Operations

Great ideas? Not these

Hold your nose and consider these notions.

In a magazine issue packed with big ideas, it’s only fitting we pause and salute the real stinkers—the notions that were somehow greenlighted instead of prompting hushed comments about the originator seeming so normal otherwise. While sensible parties safeguarded the children and alerted authorities, the warped pet projects somehow crept into being. 

But the context has to be remembered. Dire times tend to put businesspeople on the express bus to crazy town. A harebrainer floated during the spitballing stage can sound like a flash of brilliance when the alternatives are layoffs and more filleting by investors. So we’ve included a few historic misfires for gauging how the industry is pushing the margins today.

Replacing menu boards with handheld menus

Sorry, Zoes, but we didn’t see the sense in scrapping your menu boards at selected units and letting patrons pick up a printed menu instead. The notion was to take the pressure off customers waiting in line—no longer would they feel rushed to read the menu board and place their orders, “having the consumer from behind kind of push them,” as CEO Kevin Miles put it. 
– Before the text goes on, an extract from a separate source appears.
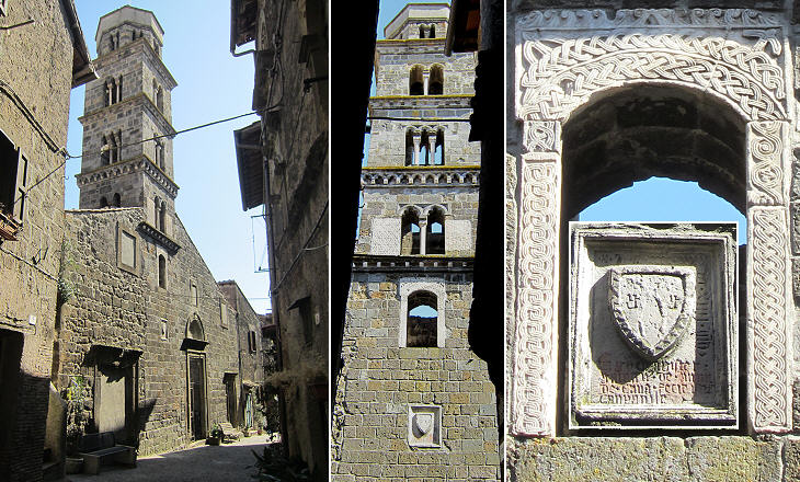 S. Andrea and details of its bell tower; (inset) coat of arms of the Anguillara
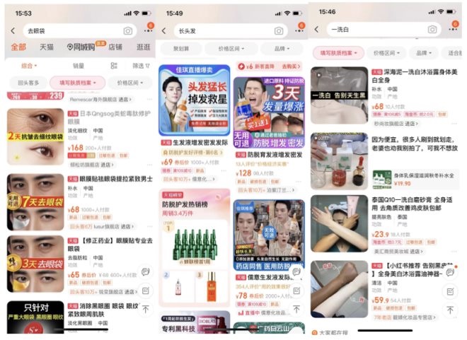 隨著我國化妝品行業(yè)法律法規(guī)的密集出臺,該行業(yè)也暴露出很多問題,虛假資料屢禁不止。從淘寶隨手一搜,一些駭人聽聞的宣傳就會浮出水面,什么一洗白、三天發(fā)量暴增、三天去眼袋之類的資料圖讓人啼笑皆非。類似產(chǎn)品怕不是科學(xué)研發(fā)出來的,而是“一鍵美顏”來的吧。

Instead (or so he bets) patrons could grab a printed menu like the ones used in casual dining and leisurely peruse it before getting in line.  

Executives said the handheld menu was well received, but we haven’t noticed any widespread rollout yet.

Mascot misfires

If there were a hall of fame for restaurant misfires, a whole wing would be devoted to mascot choices. Need we mention Quiznos’ Sponge Monkeys, Burger King’s Herb the Nerd and Domino’s The Noid?

The most recent nominee for inclusion: Denny’s sausage character, whose official name is Sausage. He sports eyes, a jaunty fedora, four limbs and a set of teeth, but viewers on the internet took one look at Sausage and decided, “Hey, that’s a turd!”

An inviolate rule of marketing: You don’t want an emblem of your brand to look like excrement.  And in the age of social media, that was the perception spread online. 

Denny’s, to its credit, responded with humor, though an unbending defense of the choice. It posted a picture on Twitter of a despondent Sausage sitting on the curb with his friend and fellow Denny’s mascot, Bacon, a slice of pork belly with arms. “I’m just a sausage … I can’t help the way I look,” laments the character.

Starbucks’ e-commerce retreat

The coffee king’s decision to unplug its thriving e-commerce business— a move based on expectations that online holiday shoppers will buy their beans and gift mugs in Starbucks units instead—could end up on next year’s bad-idea list. But there’s no ambiguity about an earlier foray into internet retailing by the tech innovator.

Today, Starbucks is universally recognized as a lifestyle brand. We forget that it mistakenly tried in the 1990s to forge that impression by putting the Starbucks name on household products and selling them online. Hardcore fans could purchase a Starbucks-brand lamp, among other furnishings.

The gambit bombed, as did Starbucks’ attempt for several years to plant itself squarely in the music retailing business by opening CD stores. It eventually retreated from that venture, too, focusing instead on selling discs in its coffee cafes.